Of course, the demons were still there, lurking and the erratic behavior started again. He picked fights with co-stars and when he was on The Tonight Show, he nearly got into a fight with Double Dare’s Marc Summers.  In June 1993, Reynolds said goodbye to Anderson. A day later, she found out he wanted a divorce. As she left their Florida mansion with Quentin, helicopters flew above them.  She had to hide the anger from Quentin, but as she would later write she felt as if he threw his son and wife to the wolves.

A long ugly tabloid-documented divorce followed. I’ll be honest: I was Team Loni. A man doesn’t dump Jennifer Marlowe! What was he thinking? He made it worse by posing with his new girlfriend on the front page of The Enquirer. I had to stop watching Evening Shade. Watching someone self-destruct wasn’t entertainment. The show was canceled in 1994, the same year Dinah Shore died and Reynolds filed for bankruptcy in 1996.
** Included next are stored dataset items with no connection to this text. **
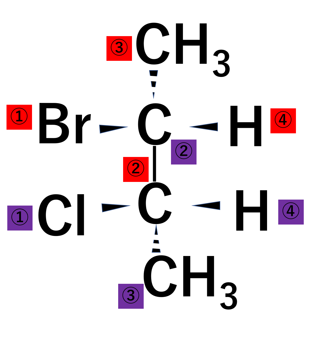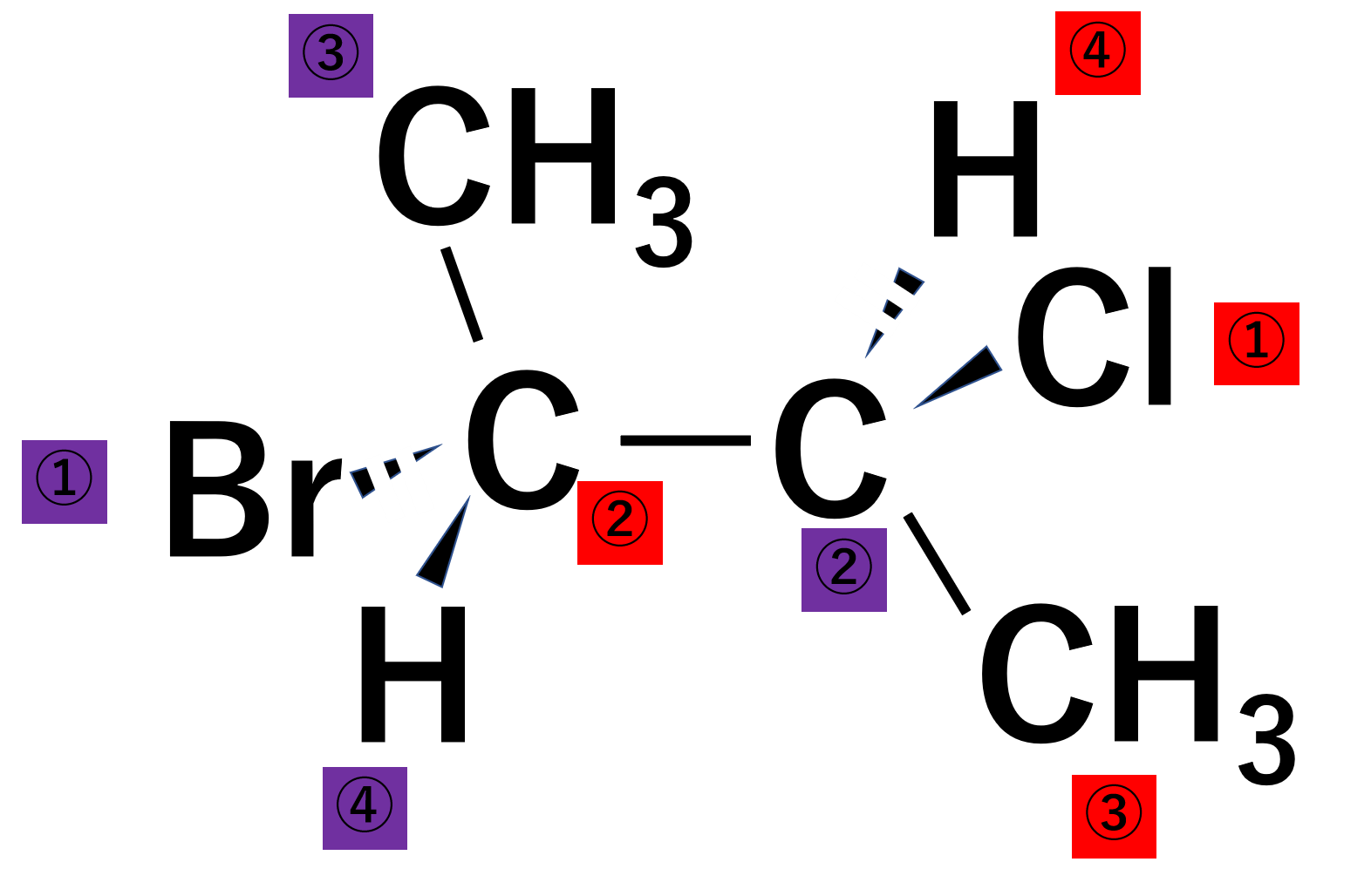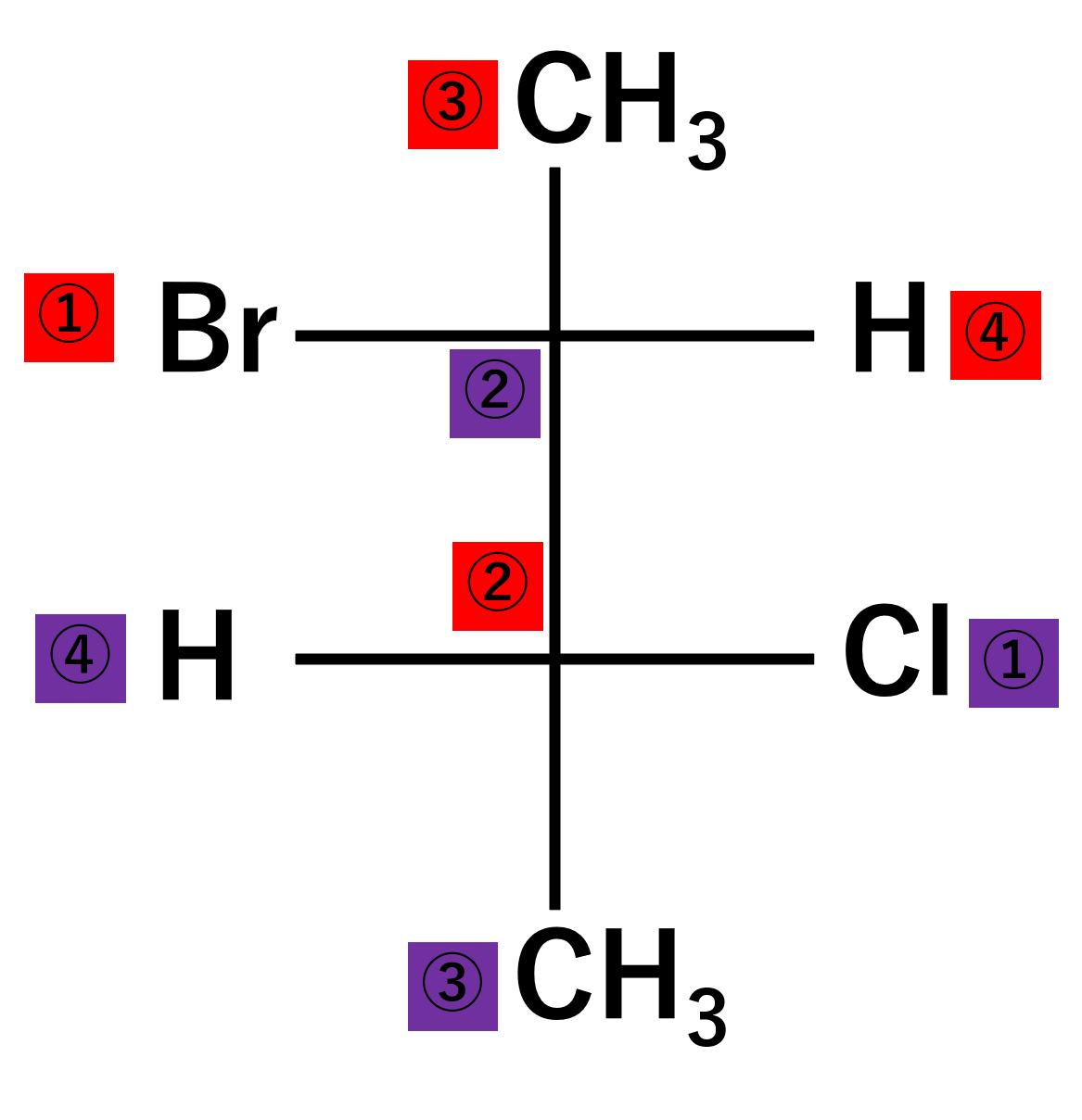 それぞれの優先順位をつけると以下のようになりますが、両方の炭素とも先ほどのようにC番目の水素が手前に向いているため注意が必要です。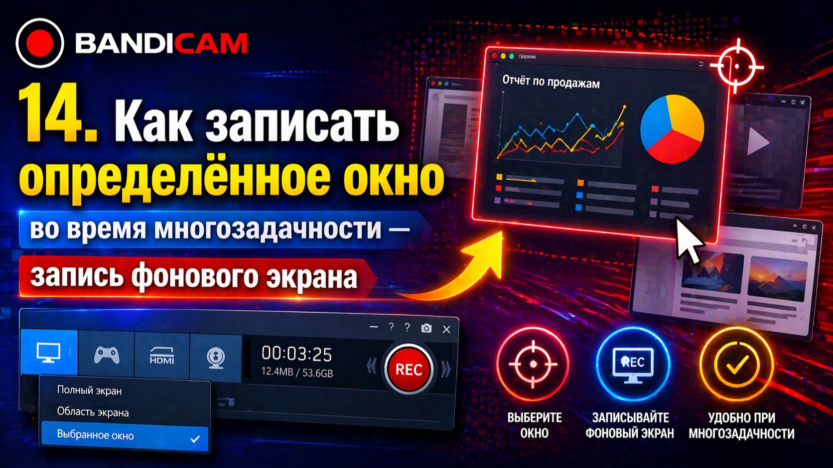 14. Как записать определённое окно во время многозадачности — запись фонового окна.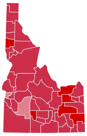 | Twin Falls | 5,894 | 67.16% | 2,882 | 32.84% | 0 | 0.00% | 0 | 0.00% | 3,012 | 34.32% | 8,776 |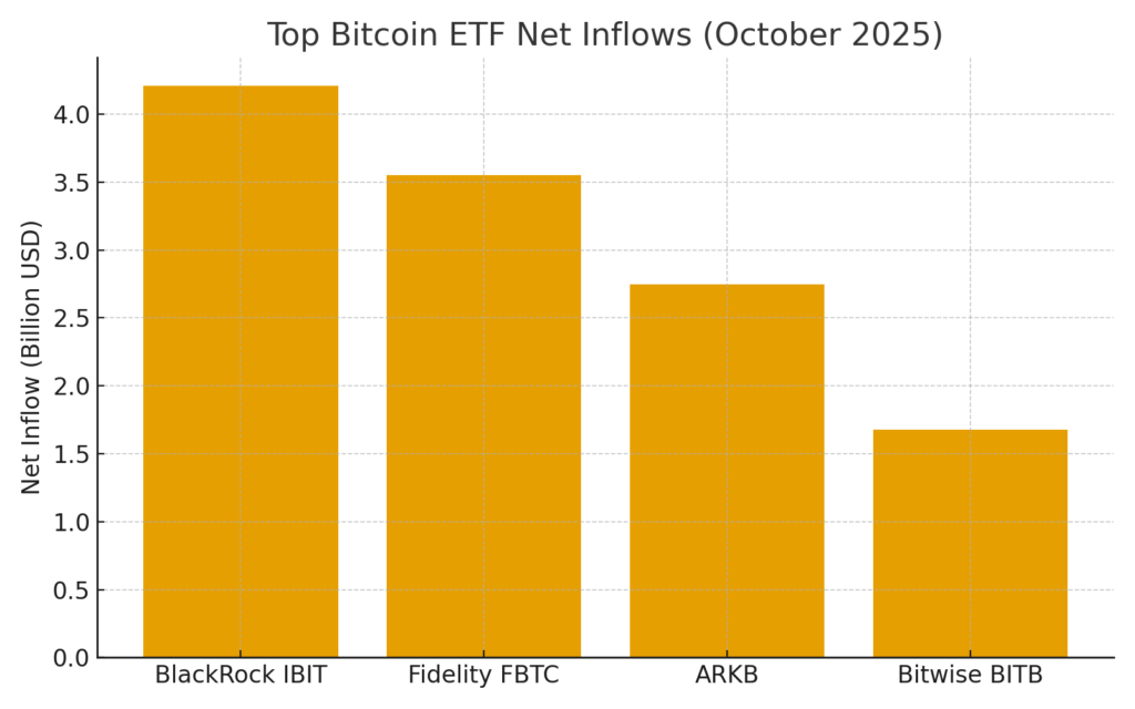 • BlackRock’s IBIT (a Bitcoin ETF) has stood out, reportedly acting as a “shock absorber” mopping up sell-side pressure and not posting any net outflows in October so far, with $4.21 billion net inflow.
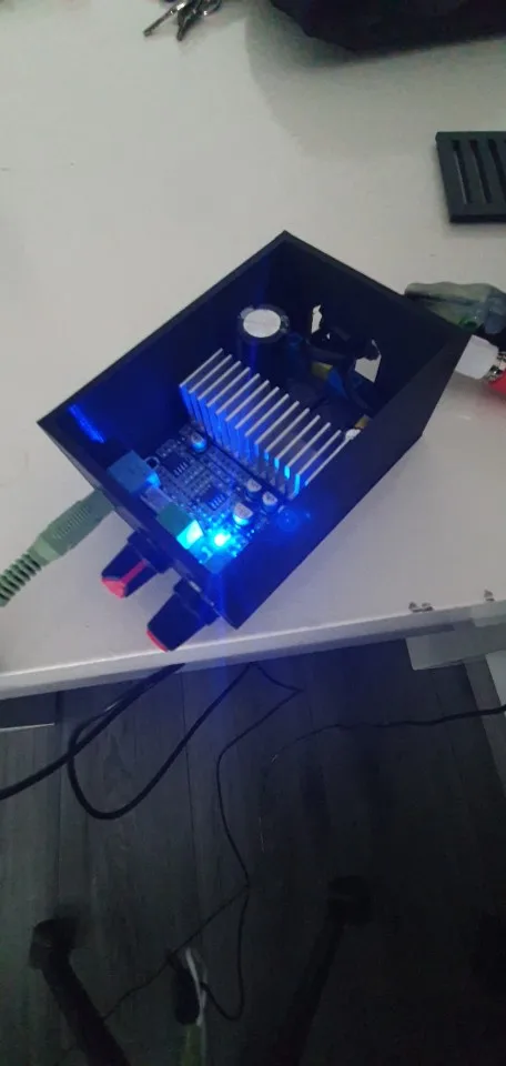 Отличный усилитель для моего стула! Я использую простой 3,5 разветвитель для разделения аудио от выхода. 3d напечатал хороший чехол для него и соединил его с 20v портативным питанием. Я хочу купить еще один жилет, который я планирую сделать.
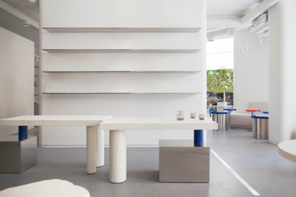Il concept degli interni pone l’accento sul contrasto attraverso texture e materiali, bilanciando pavimenti in cemento grezzo con pareti in gesso liscio e colori vivaci di accento blu e rosso. Sopra la reception, una grande striscia di metallo si attorciglia dal soffitto al pavimento, sostenendo le pareti circolari e gli scaffali. Al centro della sala, tavoli di varie altezze e forme forniscono esposizioni flessibili per esporre i prodotti.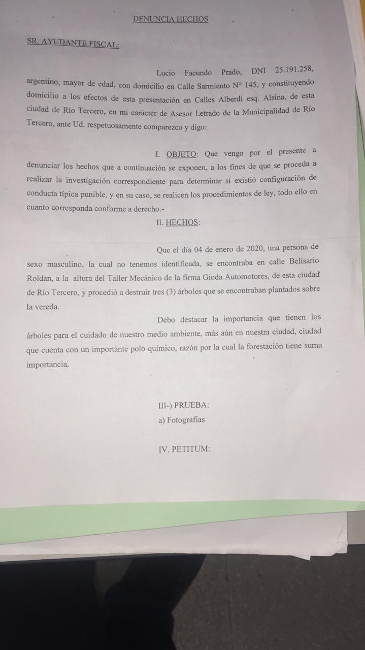 El Asesor Letrado de la Municipalidad de Río Tercero, Facundo Prado presento un pedido en la justicia, ante la Fiscalía de la doctora Paula Bruera para que investigue el daño al arbolado urbano el sábado 4 a las 6:20 que fuera difundido en un vídeo de seguridad por las redes sociales.

Three years later, Reynolds rose again. This time he was Jack Horner, the patriarch of a porn empire in the movie Boogie Nights. Reynolds made Horner an oddly likable man who was okay watching his girlfriend Amber (Julianne Moore) have sex with Dirk Diggler (Mark Wahlberg) while the camera was running. Yet he strived for excellence in a mocked industry. Reynolds won a Golden Globe for his role, and was then nominated for an Oscar.

As the years went on, Reynolds did guest starring roles but his failing health found him working less and less.

Reynolds was rugged, funny, handsome and charming.  And thanks to that inimitable wink in his eye, he remains one of Hollywood’s most enduring and evergreen matinee idols.